Hi, I have succesfully solved APO structure (chain A) with NOE data with ccpnmr and nih-xplor using the well written guide for structure solving provided by:

I had much less success with a protein-peptide complex with phosphoserine (SEP) however.

However, when I finished assigning the NOEs for the Holo structure, where there are two chains: A (protein) and B (peptide with phosphoserine SEP), the script.sh generated by ccpnmr works and runs to completion, but with unexpected outcomes.
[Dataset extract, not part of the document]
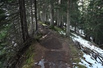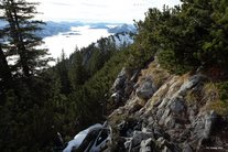 Wir erreichen nun den weiten Sattel zwischen Setzberg und der nördlich gelegenen Kuppe, auf der die Nebenkirche Wallberg Heilig Kreuz errichtet wurde. Der Schilderwald weist nun auch den Risserkogel aus. Mit 2 1/4 Stunden ist die Zeit sehr reichlich bemessen. Wir halten uns südlich in Richtung Setzberg, gehen am Wallberghaus vorbei und folgen am Fuß des Setzberges der Beschilderung, die uns nun ostseitig (links) um den Gipfel herumführt. Dabei wird südostseitig ein steiler Wiesenhang gequert, der bei Schnee auf Grund der Lawinengefahr mit großer Vorsicht zu genießen ist. Alternativ ist es in dieser Situation besser, den Setzberg zu überschreiten. Nach der Überschreitung oder Umgehung des Setzberg-Gipfels gelangen wir auf einen Waldpfad, der trotz seiner Nähe zu den ostseitigen Hängen unschwierig über Wurzeln an das Grubereck heranführt. Kurz vor dem Grubereck lassen wir den Wegabzweig nach Kreuth-Riedlern rechts liegen. In ein paar engen Kehren geht es zügig zum Grubereck hinauf, wo uns ein herrlicher Ausblick erwartet. Diese Aussicht wird uns nun bis zum Gipfel des Risserkogels begleiten. Meist geht es am Grat entlang. Ein gewisses Maß an Trittsicherheit ist von Vorteil, doch allzu ausgesetzt ist der Weg nicht. Zweimal weichen wir auf die Nordseite aus. Im Schlussaufschwung geht es eine Rinne hinauf und ein paar Meter weiter durchsteigen wir eine kurze Passage, die mit einem Drahtseil versehen ist, das aber nicht jeder benutzen wird. In den Latschen kann es im Sommer richtig heiß werden. Wenn der Wegabzweig nach Norden zum Blankenstein erreicht ist, sind es nur noch 5-10 min, bis wir den Endpunkt unserer Wanderung erreicht haben.

The script.sh deletes my phosphate atoms on my SEP molecule, and renames it to SER. The protein size quadrupled from 44 residues to 188 residues due to the program expecting symmetric dimers if the chain length is larger than 1, and replicating and stitching together my peptide and protein repeatedly.

Problem 1. Phosphoserine (SEP) is recognised by NIH-xplor and its protein topology / potential files, but the script.sh has many parts that forcefully converts SEP to SER instead. I have identified that the:

“from iupacNaming import toIUPAC, fromIUPAC” and
“toIUPAC()” code does not having SEP, and added in the SEP atom naming into iupacNaming.py in NIH-xplor/python but that does not fully fix things. The pdb generation script and talos also converts SEP to SER many times throughout the script.sh, and this causes the final stimulated annealing step to be off, as the SEP is key for binding, as SER is non-binding. This problem is most obvious at the fold.py step, and with the out.nef step, at which point the SEP is completely changed to SER.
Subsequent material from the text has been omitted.